# LISTED RECORDS
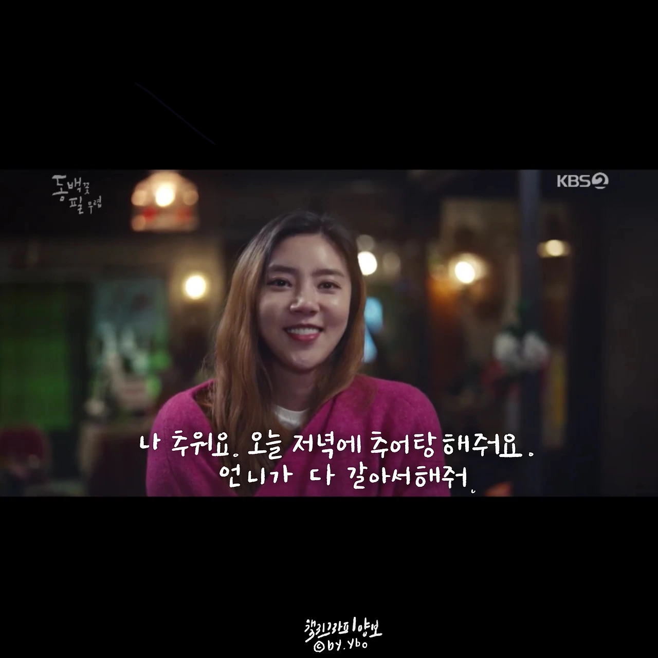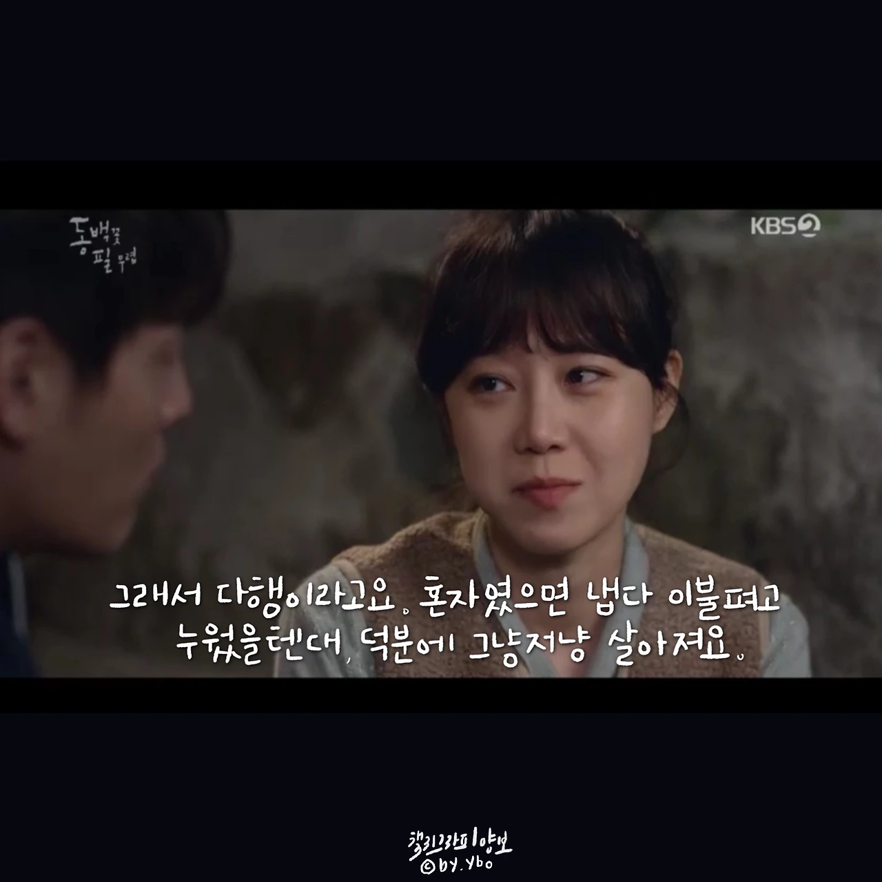 그래도 핑계로 피하기보단, 보조 배터리로 충전받는 게 낫겠다. 어쩜 이렇게 일상을 아름답고 따뜻한 표현으로 길고 하는지. 고단한 동백이 표정에 그래도 웃음이 지어지는 건 어쩔 수 없는 허탈함이 아니라, 정말 괜찮은 얼굴이어서.. 함께 좋았다.
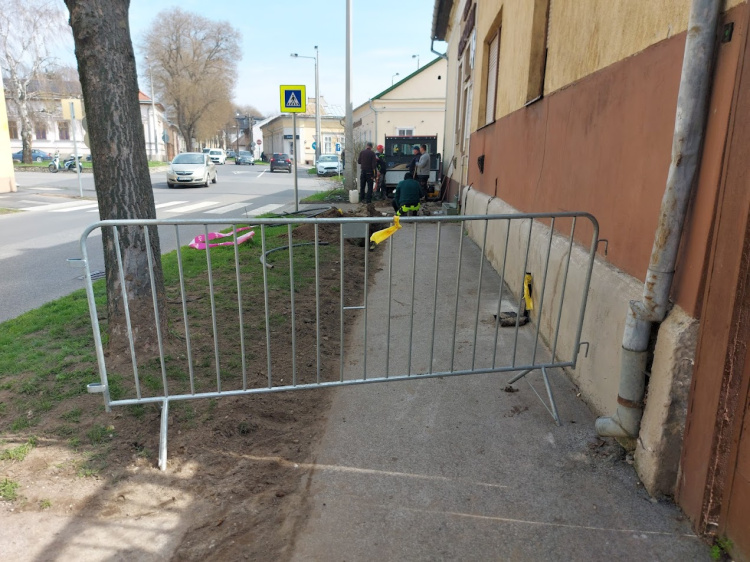 Optikai kábelt fektetnek a Kereszt és a Virág utcán.
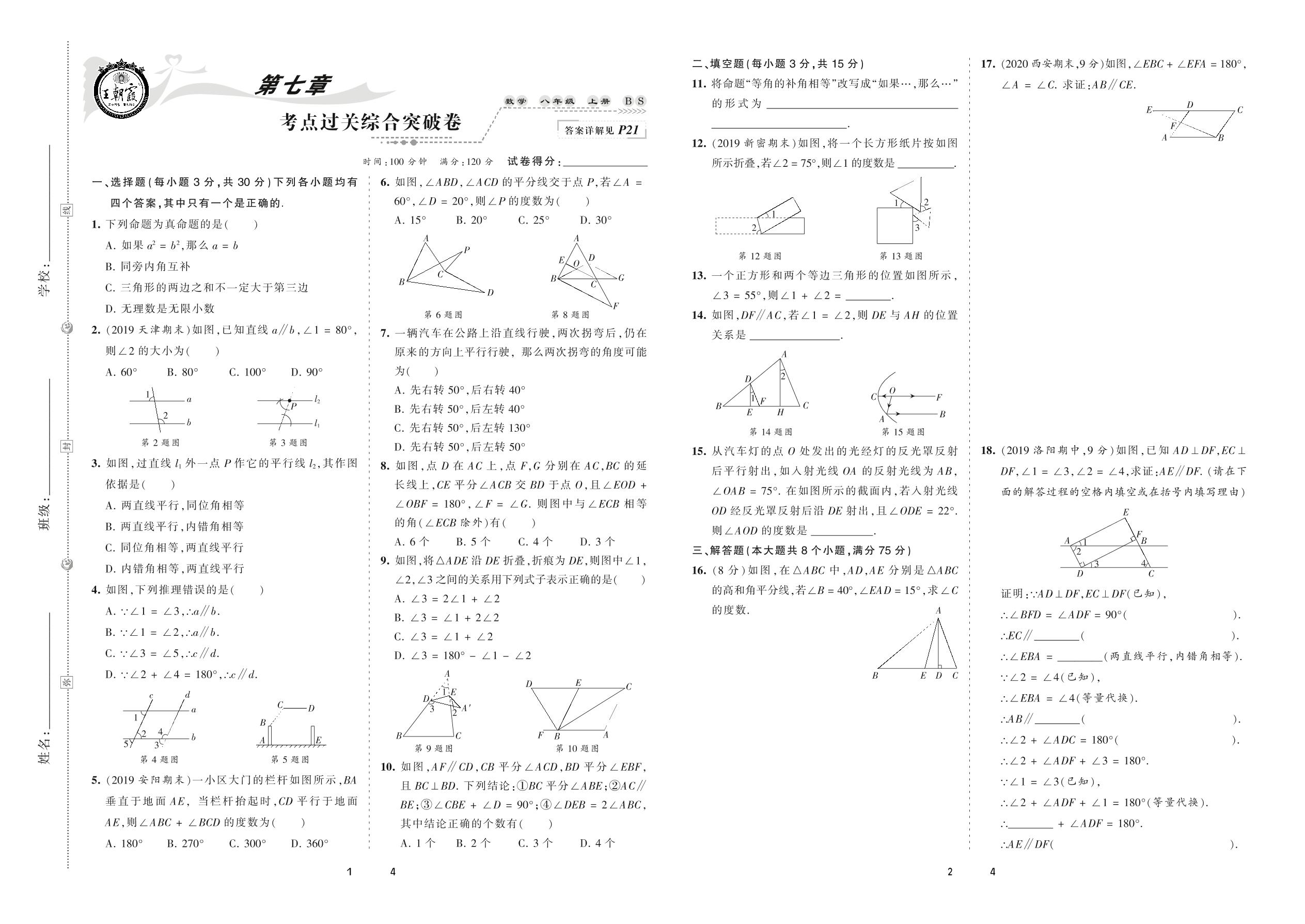 2020上册八年级数学北师版 第七章 考点过关综合突破卷
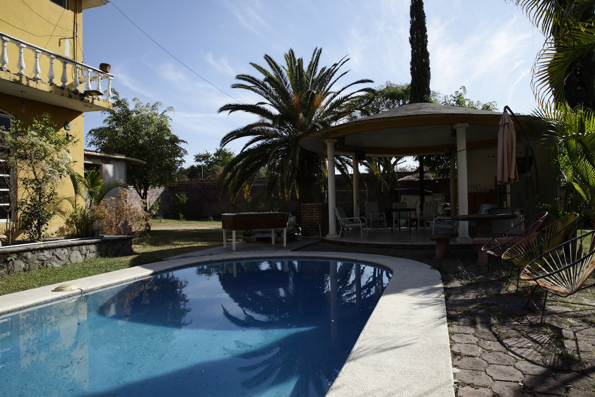 Charming private house to rest. Located in a very quiet neighborhood away from the hustle and bustle of the city, and even on the way you will find fields of roses, corn, and cane. The house has a garden with a swimming pool, barbecue and fire pit (not shared) so you can spend a few days with your family. It has a fire pit to warm up on starry nights in the garden. You can visit nearby, Jardines de México, Pueblos bonitos, Hacienda de Chiconcuac, Xochitepec, Xochicalco ruins, etc.
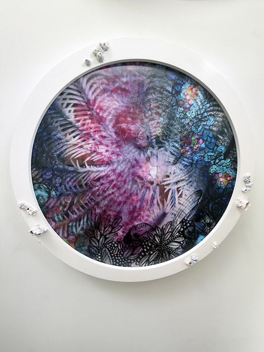 Janavi Mahimtura Folmsbee, Take Us to the Zoanthids on Malabar Hill at PDP, lenticular mixed-media photograph with oil, drawing, and porcelain, 30 x 2.25 inches. Image courtesy of the artist.
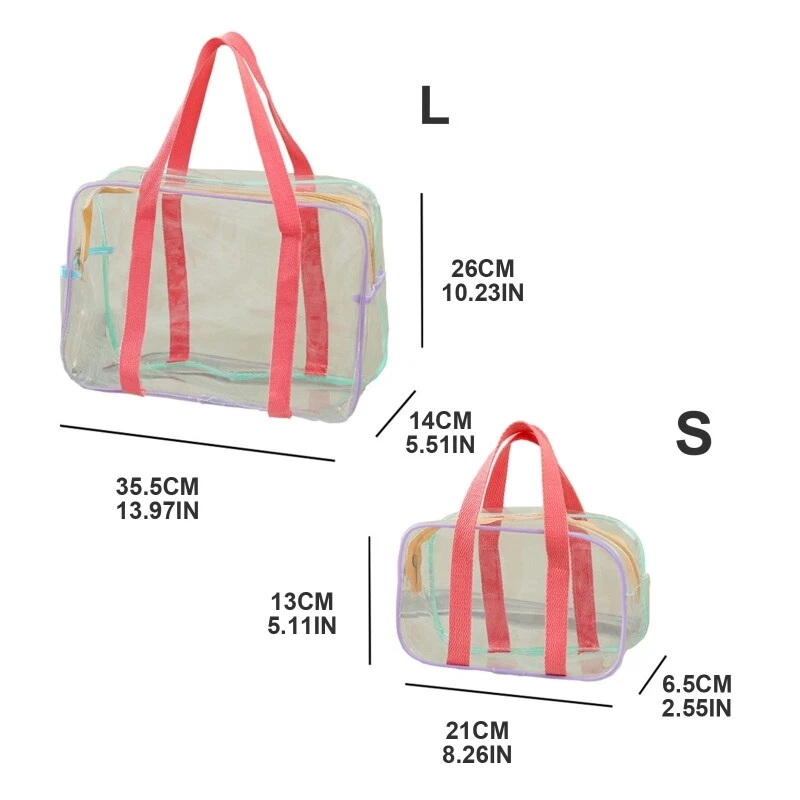 Features: With enough space to store your toilet articles. Also, it is versatile and can accommodate any items other than toiletries. Good transparent pvc material, softer and more pliable, durable and reusable. Top sturdy zipper closure with pulls keeps all your belongings dry. Transparent design allows you to easily see the content and location of stored items, quickly find what you are looking for without wasting for time. These portable toiletry bags are lightweight, suitable for traveling, business trip, student trip and more. The clear plastic travel bag can be used as travel bag, cosmetics bag, stadium bag, gym bag, swim bag, storage bag, waterproof bag, gift bag, jewelry bag, general packaging, daily necessities packaging bag, even stationery bag or schoolbag. Pvc material is waterproof and not easy to get dirty, very light, durable and reusable. Specifications: Material: PVC Large Size: Approx. 35.5x14x26cm/ 13.97x5.51x10.23in Small Size: Approx. 21x6.5x13cm/ 8.26x2.55x5.11in Type: Large, Small Package Includes: 1pc Transparent Cosmetics Handbag note: 1. Please allow 1-2cm errors due to manual measurement, make sure that you do not mind before you order. 2. Due to the difference between different monitors, the picture may not reflect the actual color of the item.
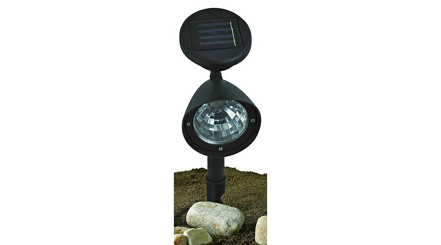 Kültéri használatra szánt napelemes lámpa spot világítással.
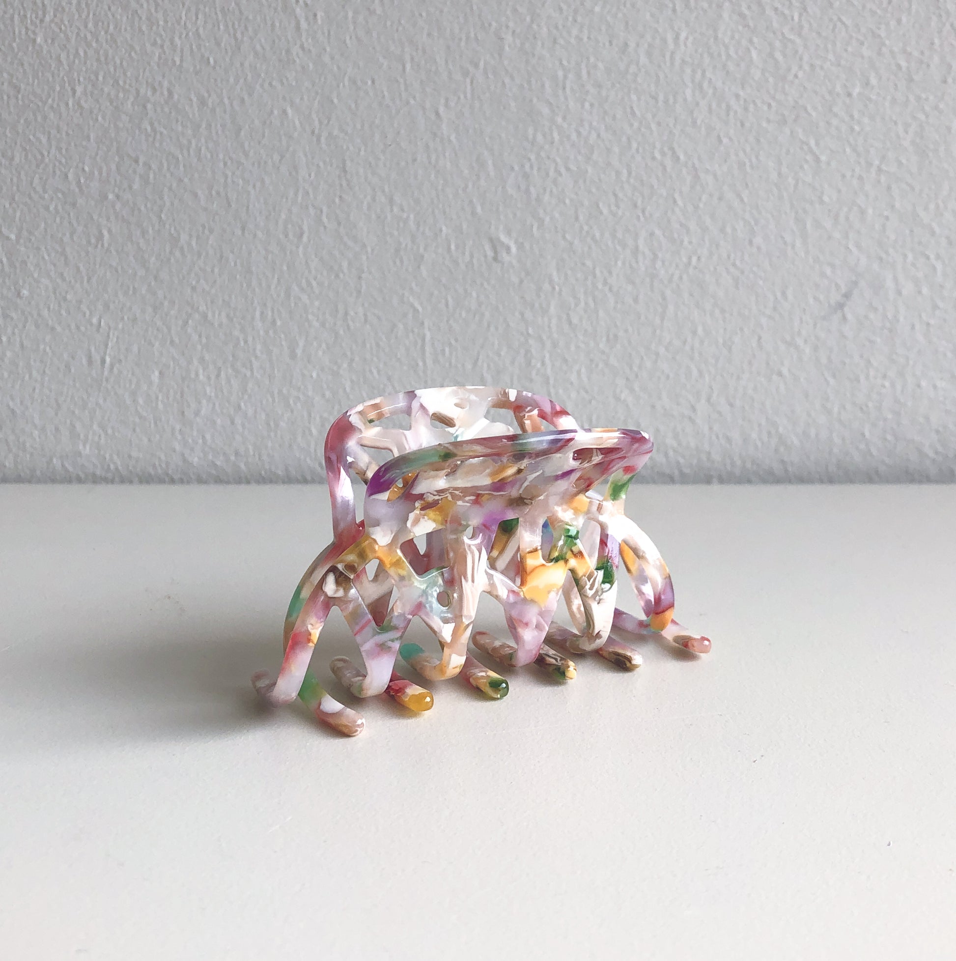The Arabella Hair Claws come in a beautiful shell finish with a smattering of pink, white, red and green, that are a great accent in any hairstyle and are perfect for a pop of colour in an half up-do.
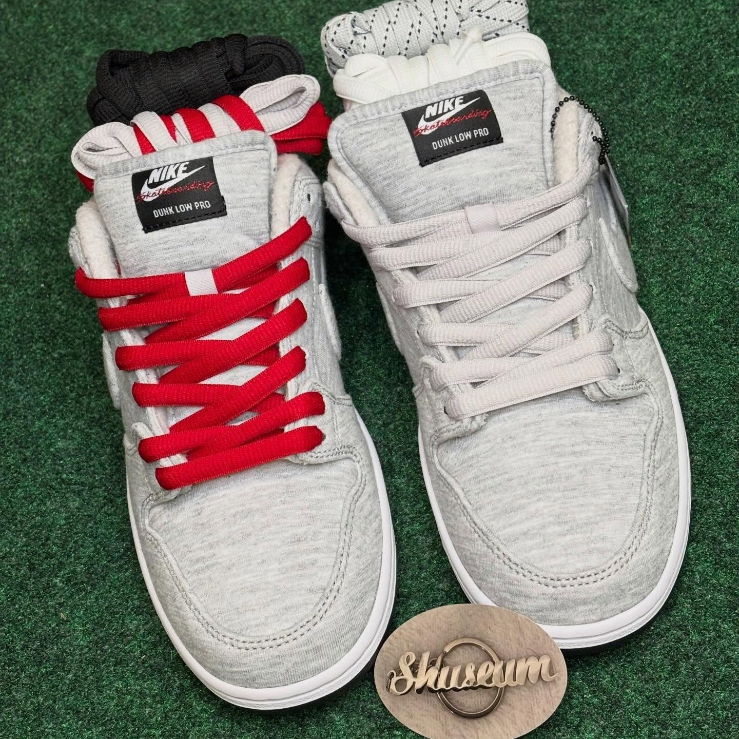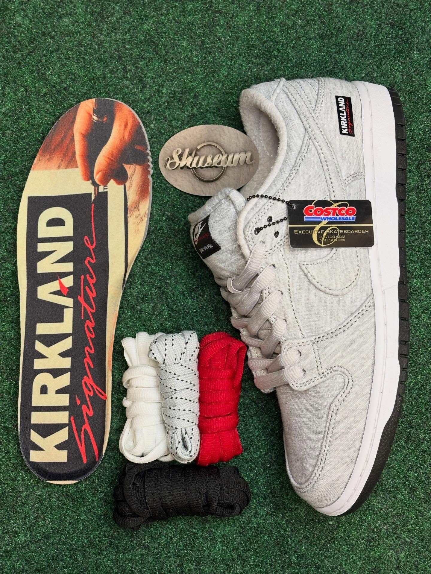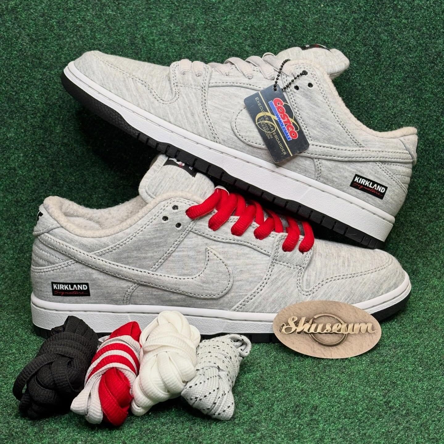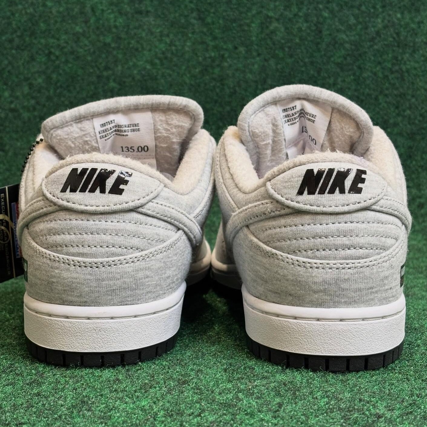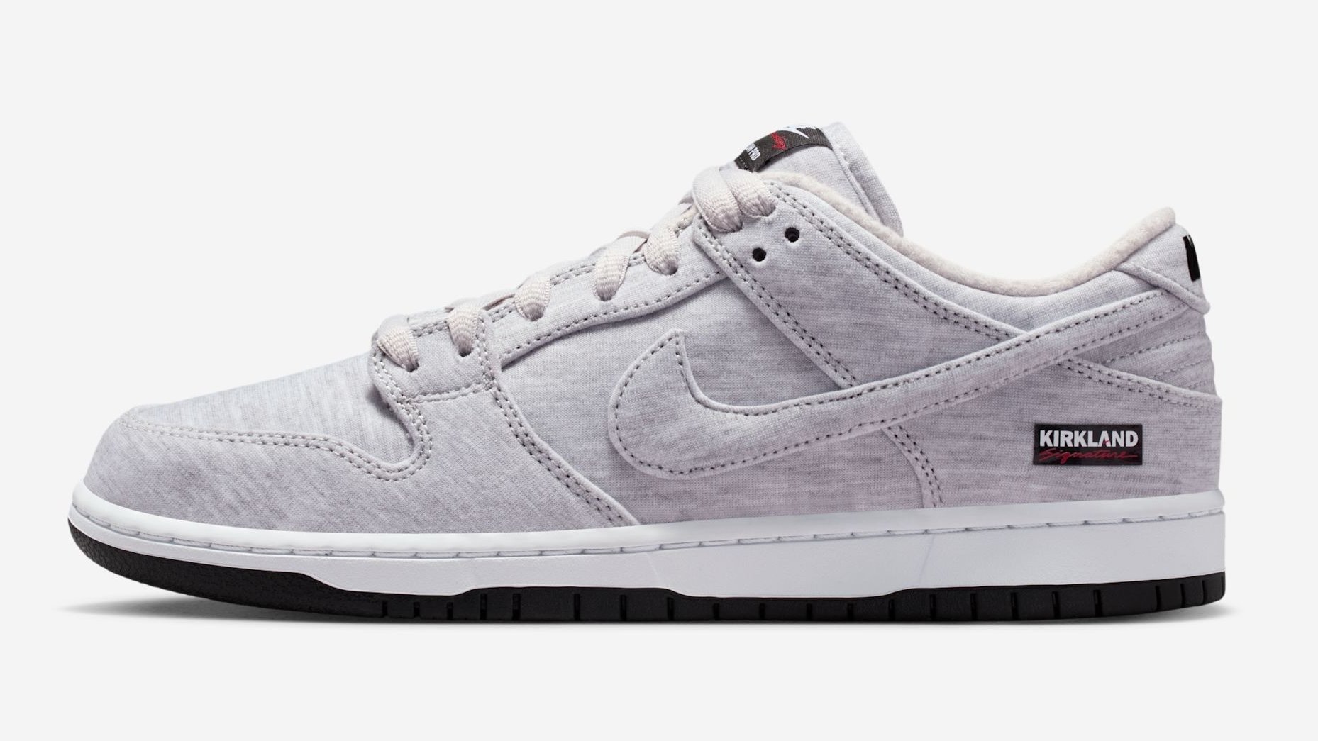 このKirkland Signature x Nike SB Dunk Low(スタイルコード: IF0673-001)は、Grey Fogを基調とした柔らかなフリース素材のアッパーが最大の魅力。触れるだけで、Kirklandのあの安価で暖かいスウェットパンツを連想させる。内側はパイルライニングで優しく包み込み、冬のスケートセッションや日常の大量買い出しに最適だ。ヒールにはKirklandのクラシックなボックスロゴが刺繍され、タンは通常の“Nike SB”ではなく、赤いカーシブ字体で“skateboarding”と記されている。Nike SBらしい、さりげないユーモアが光る。

# YOUR ASSIGNMENT
Range to copy from the listing above: the line with "Optikai kábelt fektetnek" through the line with "Janavi Mahimtura Folmsbee, Take". Transcribe it exactly and skip the pictures.

# SOLUTION TO THIS EXERCISE
 Optikai kábelt fektetnek a Kereszt és a Virág utcán.
 2020上册八年级数学北师版 第七章 考点过关综合突破卷
 Charming private house to rest. Located in a very quiet neighborhood away from the hustle and bustle of the city, and even on the way you will find fields of roses, corn, and cane. The house has a garden with a swimming pool, barbecue and fire pit (not shared) so you can spend a few days with your family. It has a fire pit to warm up on starry nights in the garden. You can visit nearby, Jardines de México, Pueblos bonitos, Hacienda de Chiconcuac, Xochitepec, Xochicalco ruins, etc.
 Janavi Mahimtura Folmsbee, Take Us to the Zoanthids on Malabar Hill at PDP, lenticular mixed-media photograph with oil, drawing, and porcelain, 30 x 2.25 inches. Image courtesy of the artist.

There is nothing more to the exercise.